As a rule of thumb a radioactive dating system is reliable for only about five half-lives of the “parent” element, because after that time not enough of the parent will remain to be measured accurately. That is why geologists use elements with very long half-lives, such as rubidium 87, to figure out the age of a rock. The most famous radioactive tating technique, carbon 14 dating, is virtually useless for geologists. Because carbon 14 has a half-life of 5,730 years, it cannot be used reliably to date objects more than 28,000 years old. That is fine for dating human artifacts, which are almost always younger than this, but not for dating rocks.

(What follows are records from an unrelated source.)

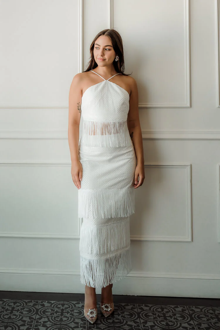 Perfect for brides looking for a standout party style. The Water Lily Set from Elliatt is our pick for an epic engagement party or wedding after-party outfit. Cut from a linen and sequin blend fabric, this two piece matching skirt set features a halter style top with delicate fringe and a sheath style midi skirt with tiers of sequin fringe.
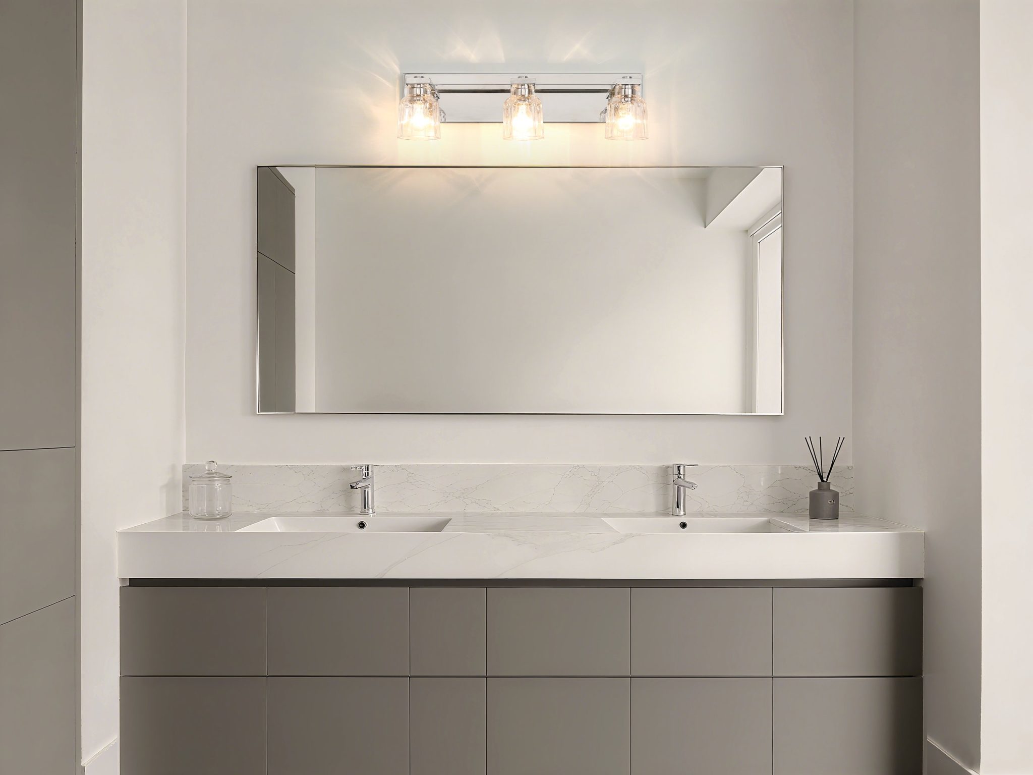 La collection de luminaires de salle de bain Dryden séduit par son équilibre parfait entre force et élégance. les abat-jourss en verre facetté et épais créent une subtile impression de mouvement, transformant la lumière en une déclaration de style raffinée. Fixée sur une plaque arrière complète, cette collection dégage un style intemporel, défini par son caractère confiant et distinctif.
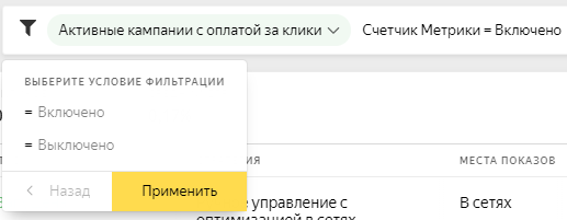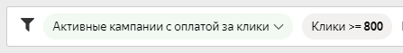 Вот так можно быстро посмотреть, в каких рекламных кампаниях задан счетчик Метрики - По статистике: расход, средняя цена клика, показы, клики, CTR, конверсии, % конверсии, отказы. Вот пример фильтрации РК по статистике, где ровно 800 или более кликов:
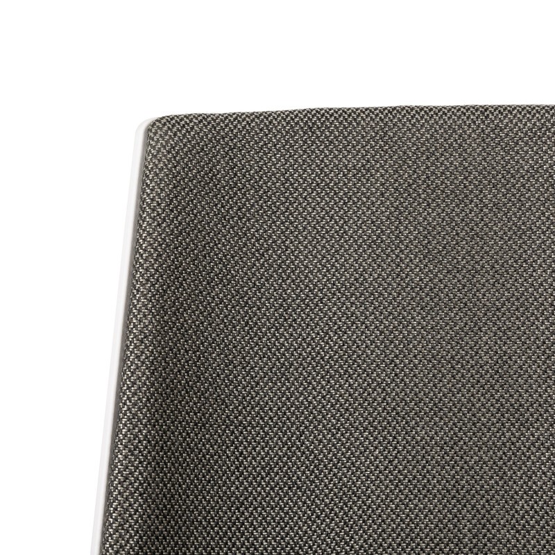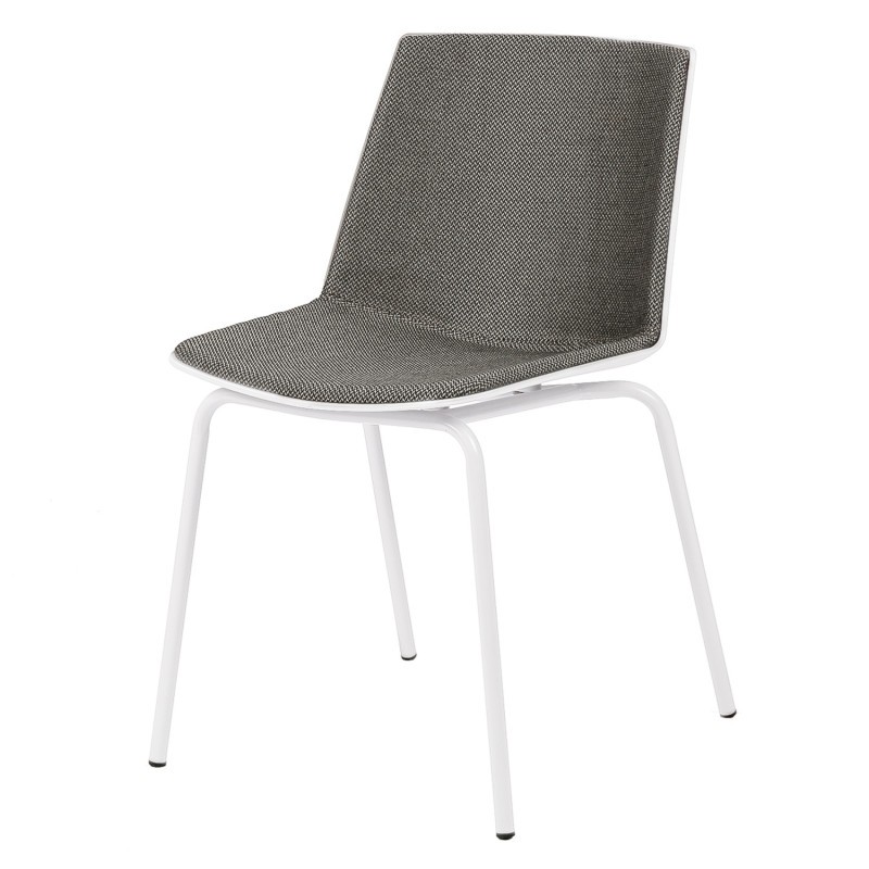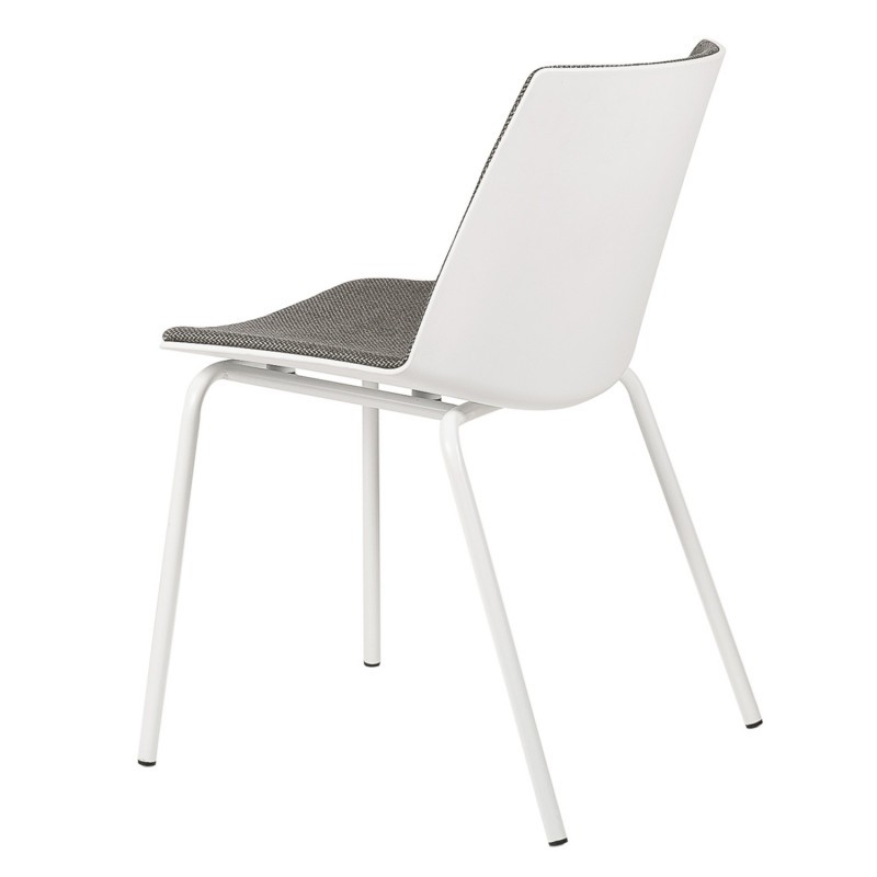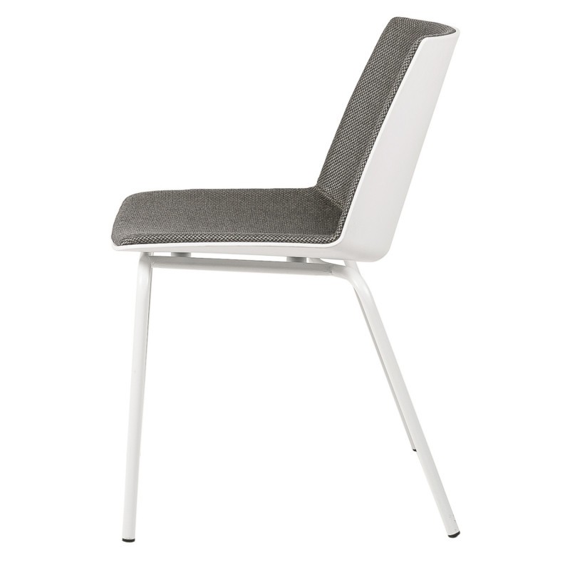 Es una silla moderna y original, formada por un asiento y un respaldo, ambos realizados en plástico de color blanco. Toda la parte delantera está tapizada en tejido jaspeado de color gris oscuro y concluye con una estructura que soporta el peso, diseñada y fabricada en metal de color blanco.
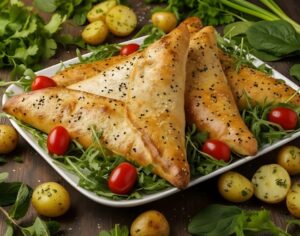 A golden, flaky pastry filled with a fragrant medley of spinach, green onions and tender potatoes. Served with our tangy chatni sauce.
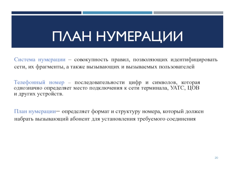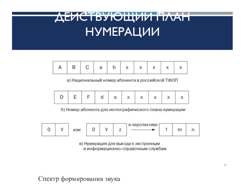 План нумерации– определяет формат и структуру номера, который должен набрать вызывающий абонент для установления требуемого соединения
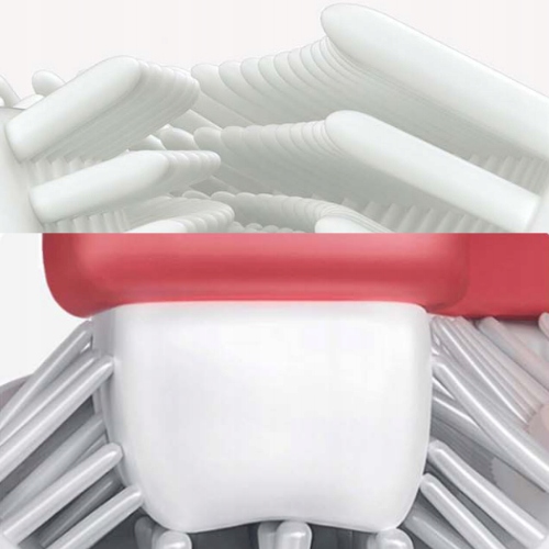 Konstrukcja główki szczoteczki do zębów w kształcie literki U, powoduje czyszczenie powierzchni zębów dużo dokładniej niż tradycyjne szczoteczki.
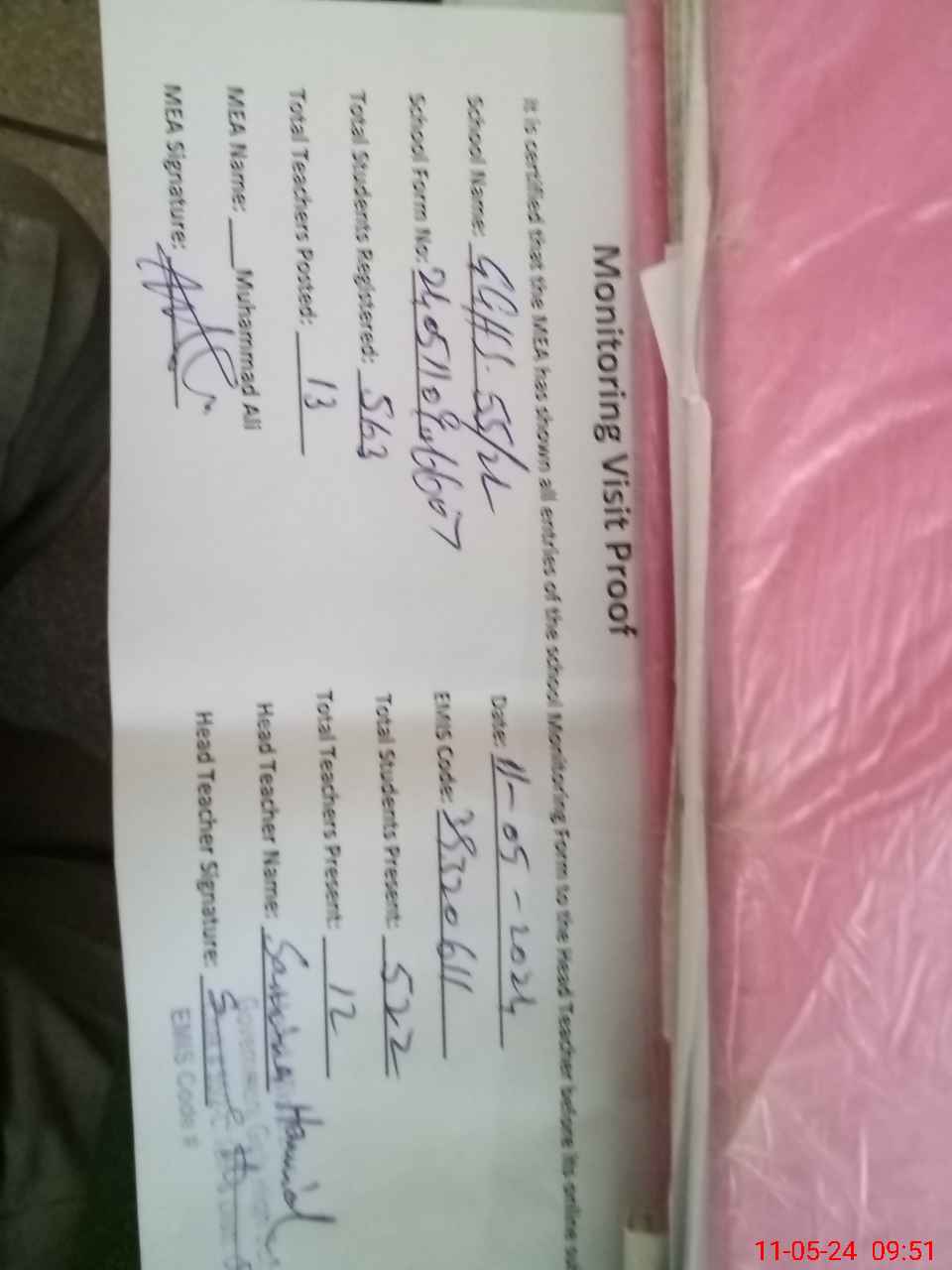 | Attendance Register | Head Teacher | MEA with School | Visit Proof |
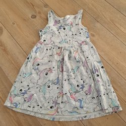 Grå klänning med långa ärmar. Klänningen har en applikation av en fjäril med paljetter framtill. Den har en dragsko i midjan med dekorativa tofsar och två fickor. Något noppig på armarna.
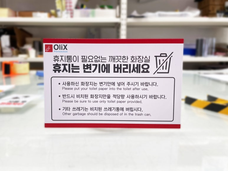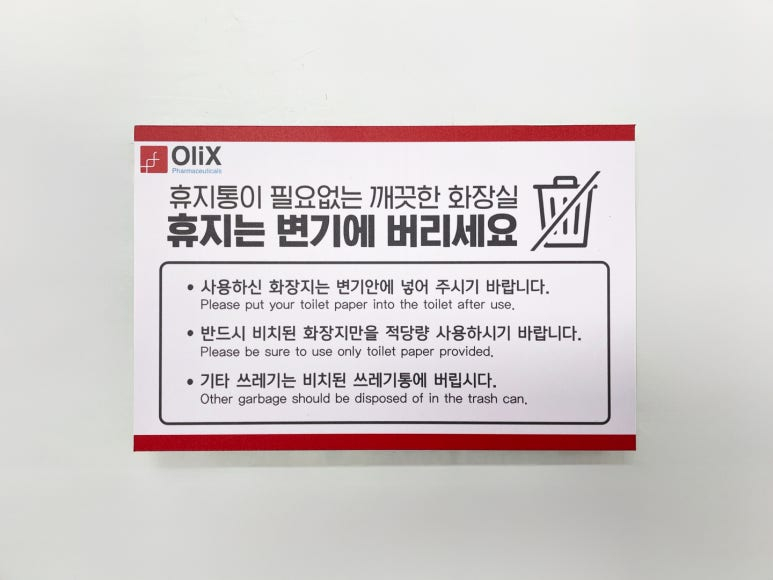 휴지통을 없애고 휴지는 변기에 넣도록 안내판을 제작했습니다~
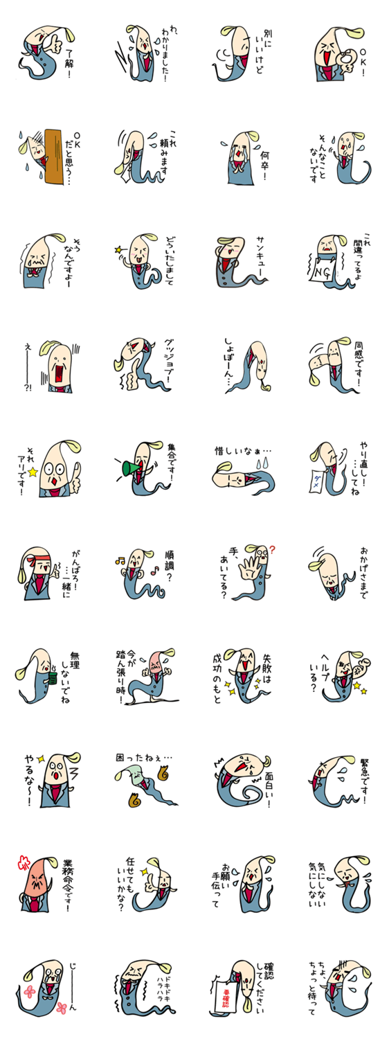 | スタンプ説明 | 上司から部下へ送るスタンプ『もやし部長』の第二弾です。実は頼み事が苦手な『もやし部長』。第二弾では部下からの投げかけに対し返答するスタンプを充実させました。 |

In spite of the five-half-life rule of thumb, the most exciting recent developments in lunar chronology do involve elements with shorter half-lives, such as hafnium 182, which decays to tungsten182 with a half-life of 9 million years. Hafnium 182 is an “extinct radionuclide,” an isotope that no longer exists naturally because it decays so rapidly. But it does have a fingerprint. Any time an isotope chemist finds an atom of tungsten 182, he knows that it came from a hafnium 182 atom, because the normal flavors of tungsten have atomic weights of 183, 184 and 186.
Now hafnium is a rock-loving element, while tungsten is metal loving. [Thus the decay of hafnium 182 can be used to tell when a planet’s core formed. To see why, consider two possibilities.
- The core formed early, when the hafnium 182 was still “alive.” In this case, rocks in the mantle would become enriched with hafnium 182, because hafnium is rock-loving; they would be depleted in tungsten 183, 184 and 185. As the hafnium decays, it would be replaced by tungsten 182. But this tungsten would stay in the mantle, because the iron it likes to alloy with has already filled the planet’s core. As a result, the planet’s mantle would have a disproportionately high amount of tungsten 182 compared to the ordinary isotopes.
- The core formed late, more than 45 million years (or five half-lives of hafnium 182) after Time Zero. In this case, all the hafnium 182 would be converted to tungsten 182 before the core formed. This tungsten would escape into the core along with the ordinary isotopes, because chemically they are no different from one another. (The missing neutrons in tungsten 182 make it lighter but do not affect its iron-loving properties.) Thus only a small amount of tungsten would remain in the mantle and there would be no excess of tungsten 182.
To state things succinctly, radioactive dating techniques that use long-lived elements, such as strontium, measure the time between a rock’s crystallization and the present. Dating techniques that use short-lived elements, such as hafnium, measure the time between the rock’s crystallization and the beginning of the solar system.